A High Level-Explaination of mach_override and How Misusing it Can Cause a Stack Overflow
mach_override is a C library for Mac OS X which allows you to override the implementation of one C function with another. In a recent article, I claimed that calling mach_override_ptr
twice using the same paramaters could cause a stack overflow due to infinite recursion. In this article, I will explain how mach_override works at a high level, and explain how it can cause infinite recursion.
The information in this article is derived from the mach_override source code. mach_override was written by Jonathan “Wolf” Rentzsch, who introduced it in a paper submitted to the MacHack conference in 2003. Since then, the implementation of mach_override has changed significantly, in no small part due to the switch from PowerPC to Intel. So while the MacHack paper and presentation slides contain more in-depth information than this article, much of that information is outdated, and must be reconciled against the source code.
How mach_override Works
mach_override exposes one public function, mach_override_ptr
, which takes three arguments. The first argument takes a pointer to the function to be overridden; the second argument takes a pointer to a function that will override the first; and the third argument takes the address of a function pointer which, if mach_override_ptr
succeeds, can be called to execute the original function. The function pointer used in the third argument is typically called within the replacement function, and must be scoped appropriately.
This API is superficially similar to Objective-C method swizzling, but it’s implementation differs significantly. Objective-C’s dynamic messaging system provides a level of indirection that allows users to reroute messages at runtime. Since function calls in C do not have such a level of indirection, mach_override has to take drastic measures to create its own.
In C, the addresses of functions are computed during linking and loading. By the time mach_override_ptr
executes, any code that will call the function to override will already have that function’s address. Searching through memory and modifying all the code that calls this function is impractical, so mach_override rewrites the beginning of the overridden function at runtime, replacing the first instruction with a jump instruction. For those not familiar with assembly programming, a jump is like a goto, except that it can jump to a line outside the current function.
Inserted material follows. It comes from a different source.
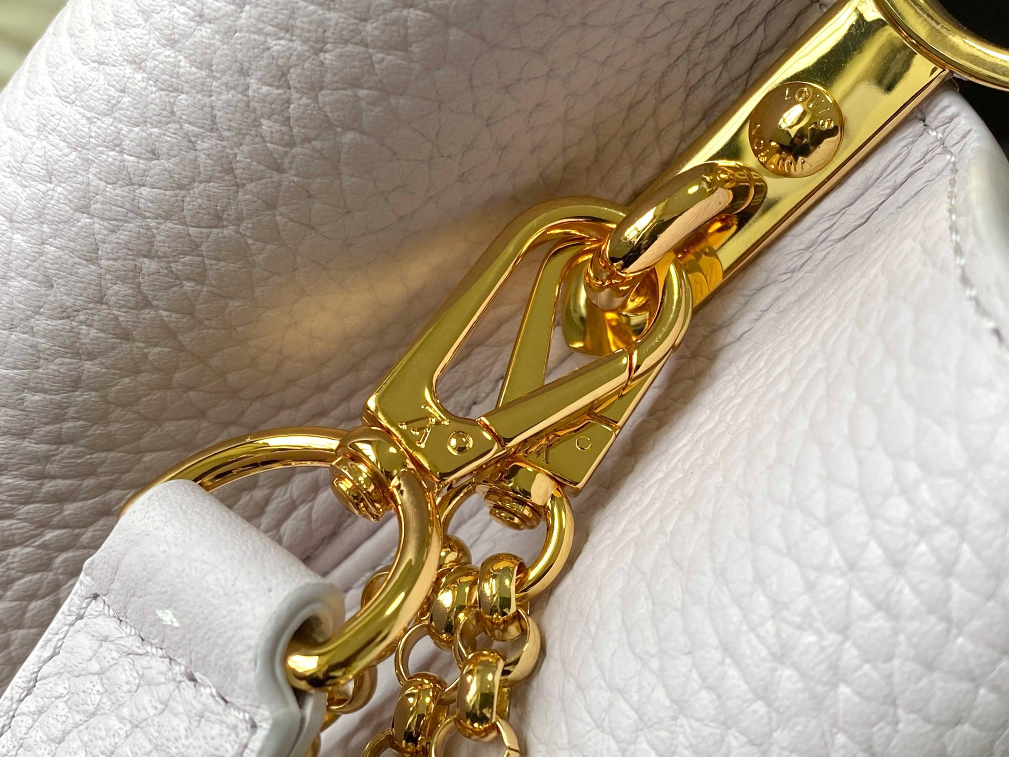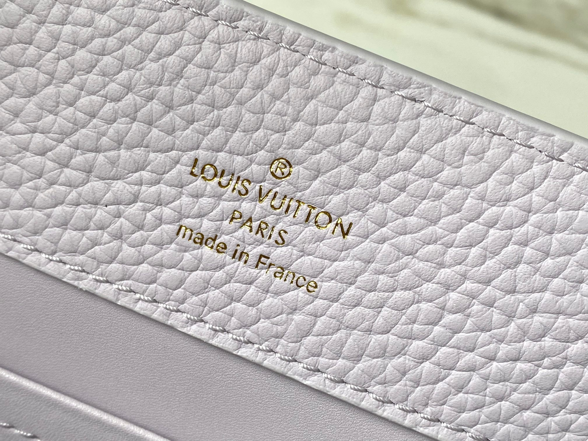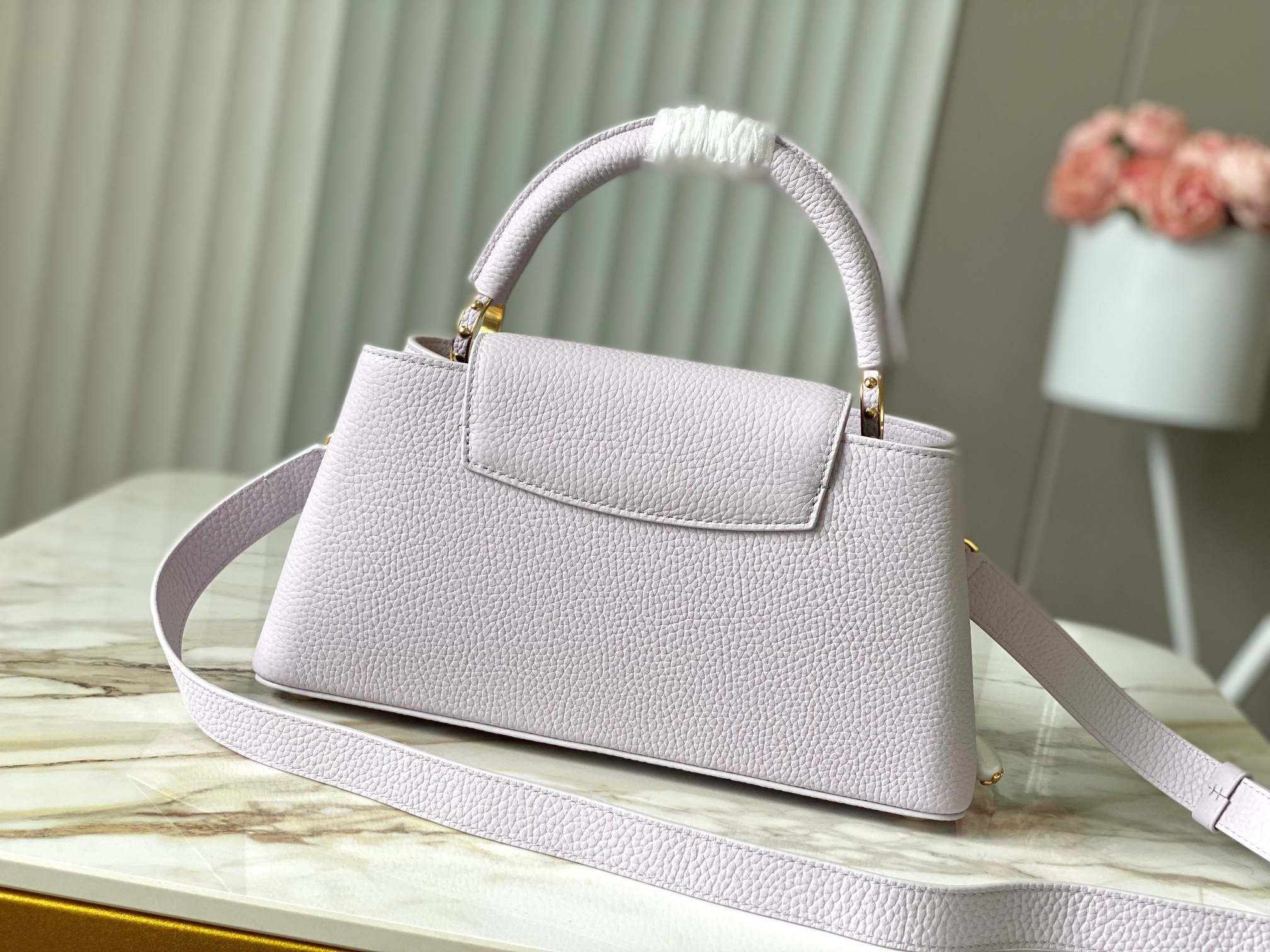 秋冬特惠💰1800 渠道级LV 新品 te级LV 动态芯片 M25476/M48865浅紫珍珠花朵 本款Capucines East-West手袋为Taurillon 牛皮革渲染柔婉色调 讲述Daydream系列的灵感启发 巴洛克风格链条融入贝壳 Monogram 花卉装饰 肩背、斜挎或手提皆宜 Size : 30 * 19 * 9 CM

However, the overridden function will not jump directly to the replacement function. It will jump to what mach_override calls a branch island. A branch island is a small function, created at runtime, which optionally performs a few instructions before jumping to another function. This branch island is called the escape island, and jumps directly to the replacement function without doing anything else.
A second branch island, called the reentry island, is created when the third parameter is not NULL
. This island executes the original first instruction from the overridden function, and then jumps to the second instruction of the original function. Thus, executing the reentry island is equivalent to executing the original function, so the address of the reentry island is assigned to the function pointer passed in as the third argument.
To create each branch island, mach_override allocates a page of virtual memory, makes it writable and executable, and then writes the branch to the beginning of the page. Similarly, to replace the first instruction of the original function, mach_override makes page(s) containing that instruction writable. Memory that is both writable and executable makes certain classes of exploits easier pull off, so you should only use mach_override when it’s absolutely necessary.
The Stack Overflow
Each time mach_override_ptr
is called, new branch islands are created. If called twice with the same parameters, mach_override_ptr
will create two identical escape islands. The second time mach_override_ptr
is called, it will replace the first instruction, which is a jump to the first escape island, with a jump to the second escape island.
The two reentry islands, however, will be different. Because the first instruction of the original function is copied to the reentry island, the first reentry island will contain the original first instruction, and the second reentry island will contain the aforementioned jump to the first escape island. Since the function pointer passed in as the third parameter is overwritten each time mach_override_ptr
is called, it ends up pointing to the second reentry island. When the replacement function calls this function pointer, it calls the second reentry island, which calls the first escape island, which calls the replacement function, as illustrated below.
The original function calls escape island 2, which calls the replacement function, which calls reentry island 2, which calls escape island 1, which calls the replacement function
This bug is only possible because mach_override_ptr
rewrites part of the original function, and because the same reentry function pointer is passed in both times. However, even when using unique replacement functions and reentry function pointers, calling mach_override_ptr
twice on the same original function can cause unexpected behavior. The MACH_OVERRIDE
macro in mach_override.h even attempts to prevent calling mach_override_ptr
on the same function more than once. Because of the potential to cause bugs if called more than once, and because of the security implications, great care should be taken while using mach_override.